Upaya hukum tersebut berupa tuntutan dari prosecutor (jaksa) International Criminal Court
(ICC) terhadap beberapa individu di Sudan yang dianggap bertanggung jawab terhadap
pelanggaran kejahatan perang, kejahatan terhadap kemanusiaan dan genosida.

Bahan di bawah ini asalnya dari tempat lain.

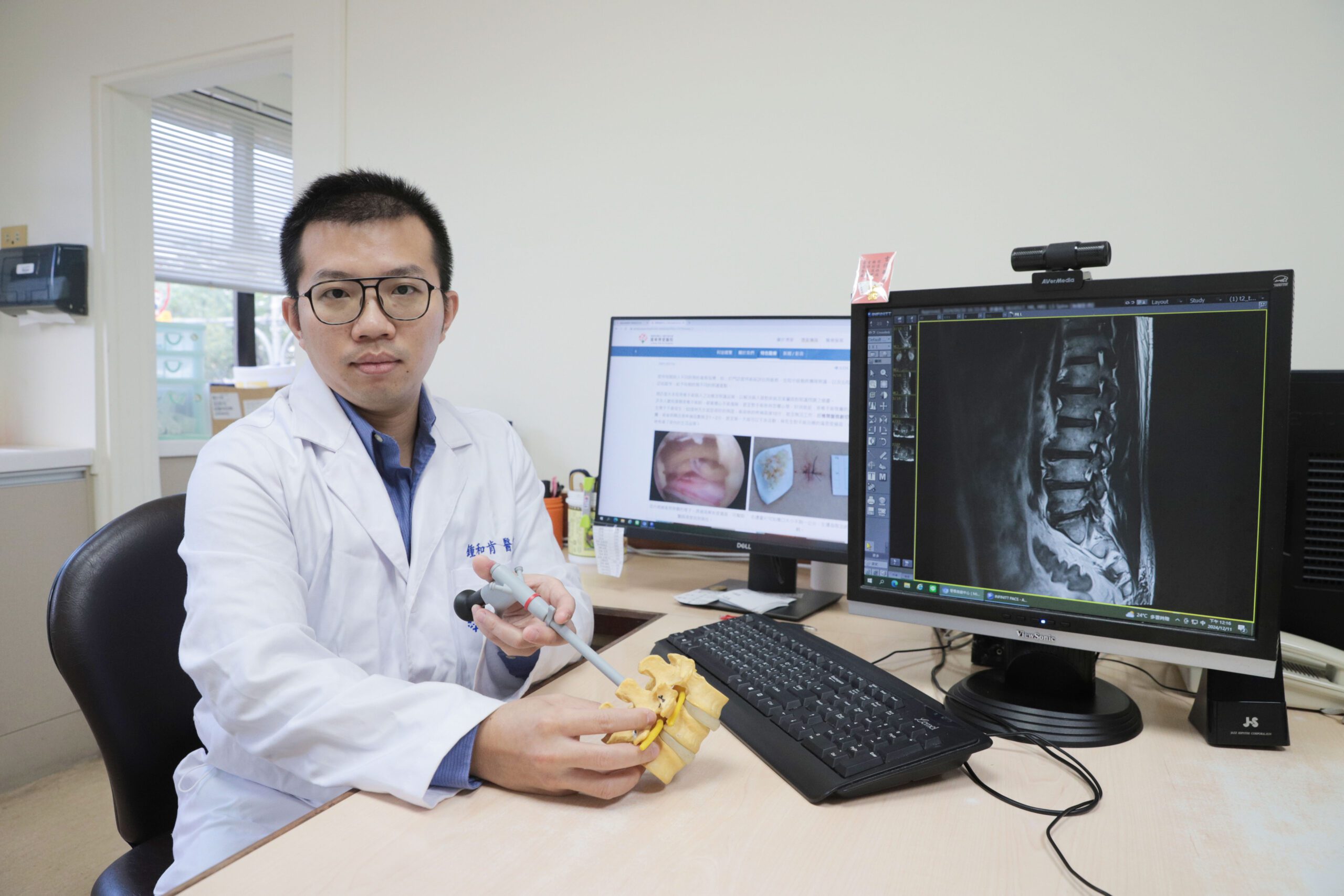 醫師鍾和肯解釋,過去脊椎傳統手術方式大多是從背部開一個手術傷口,撥開背部肌肉群,再針對椎間盤突出處進行神經減壓或脊椎固定處理。但經皮內視鏡腰椎間盤切除術透過小傷口就能切除椎間盤,也不需要打釘子,病人在手術中破壞的範圍小、失血量少、術後恢復快,隔天就可以下床活動,是微創脊椎手術新選擇。

Walaupun Sudan dan Sudan Selatan bukanlah negara peserta Statuta Roma, ICC
tetaplah memiliki yurisdiksi untuk mengadili pelanggaran yang terjadi di Sudan dan Sudan
Selatan. Hal ini dapat terjadi karena kasus pelanggaran yang terjadi telah diajukan oleh
Dewan Keamanan PBB kepada ICC, di mana menurut Statuta Roma, ICC mempunyai
yurisdiksi untuk mengadili suatu kasus yang diajukan oleh Dewan Keamanan PBB, tanpa
melihat apakah negara tempat terjadinya pelanggaran tersebut merupakan negara anggota
Statuta Roma atau tidak.8 Sayangnya upaya hukum yang disebutkan di atas mengalami
sebuah kendala, yang diakibatkan oleh konflik antara kedaulatan negara dan Hukum
Internasional. Republik Sudan, sebagai sebuah negara yang berdaulat, merasa tidak harus
untuk menyerahkan individu-individu yang menjadi tersangka tuntutan dari ICC, yang mana
merupakan pejabat-pejabat tinggi negara dari Republik Sudan, seperti gubernur, menteri,
dan bahkan presiden.
Dari penjelasan yang telah diuraikan dapat disimpulkan bahwa, Sudan Selatan telah
memenuhi syarat-syaratnya untuk menjadi sebuah negara merdeka baru berdasarkan hukum
internasional atau mencakup unsur-unsur asal mula negara. Syarat-syarat tersebut adalah;
wilayah yang pasti, penduduk yang tetap, bentuk pemerintahan, dan kemampuan untuk
melakukan hubungan diplomasi dengan negara lain. Kedua, telah ada upaya hukum untuk
memberikan penyelesaian hukum terhadap pelanggaran hukum internasional yang terjadi di
Sudan Selatan yang dilakukan melalui forum Internasional Criminal Court (ICC). ICC
memiliki yurisdiksi untuk menyelidik dan memproses kasus tersebut, karena telah diajukan
kepada ICC oleh Dewan Keamanan PBB, sesuai dengan isi Statuta Roma.